Gold and silver prices fluctuate with the markets, and the more elaborate, themed, collector display coins go in and out of fashion. However, coins of basic circulation type, though they may not all be rare or likely to make anyone a fortune, will always be desirable and will never lose their value. On the contrary, most have appreciated significantly over the years. Once a coin has had its short minting run, it will never be made again. Nor will it deteriorate once added to a collection. Know your coins, and it’s hard to go wrong.
For those bent on trading and investing or creating a rare-coin portfolio, there are numerous useful publications, guides, and catalogues. Coin clubs, associations, forums, and blogs are there to guide the willing through the minefield of merchants, market fluctuations, auction rules, tax obligations, valuations, insurance, superannuation issues, and the like. There is a wealth of ready information out there that is slanted towards investing, but much less is available for the straight-out hobbyist, hence this book.
WHAT IS A COIN?
Everybody knows what a coin is, but a definition will not come amiss all the same. A coin is a metal artefact mandated by the law of the country of issue and inscribed with an official face value. In Australia, at least for now, it must bear the British monarch’s image on one side: the obverse. There are some more arcane rules too. For instance, if you are expecting your own famous image to appear on a coin some day, you have two options: convince someone that you are a prince or princess or be dead. British royalty have the sole right to be depicted on our currency while living.
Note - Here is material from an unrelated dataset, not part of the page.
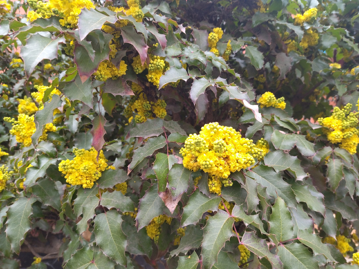 Магония падуболистная (лат. Mahōnia aquifōlium) родич барбарису. Листья у нее – да, напоминают листья падуба. А ягоды похожи на жимолость или мелкий виноград. Цветы напоминают мимозу или желтые ландыши. В общем, магония собрала в себе признаки многих привычных в Евразии растений, при этом сама она родом из Северной Америки.

Even if you do obligingly die, the Royal Australian Mint is not permitted to celebrate that fact or the anniversary thereof—just your birth and highlights of your brilliant career—and then only provided you have kept on the right side of the law. There is hope, though. Even if you have had a speeding ticket and find these rules excessively restrictive, it may be that you still have a chance with the Perth Mint. You can legally appear on a Perth Mint coin in company with the likes of Dame Edna Everage (just change your name), Mickey Mouse, Ned Kelly, and Spiderman.
All that aside, only nationally licensed mints may produce coins, which must by law be accepted in exchange for advertised goods to the value written on the coin. You may choose to spend your beautiful frog-shaped multicolour designer proof piece that cost you $500, but no merchant is compelled to give you more than $1 worth of goods for it. Medals, medallions, and round metal things produced by unlicensed mints are not coins.
To a collector, a coin is variously an investment, a work of art, something to satisfy that compulsion for completion, or perhaps a memento or token of some other interest. The fact that it has history and that it is official, public, and substantial somehow makes your coin an item of significance and permanence.
WORDS
Every hobby has its language. Here are just a few of the definitions used in numismatic jargon:
• Coin. We now know what that is.
• Numismatics. Studying or collecting coins.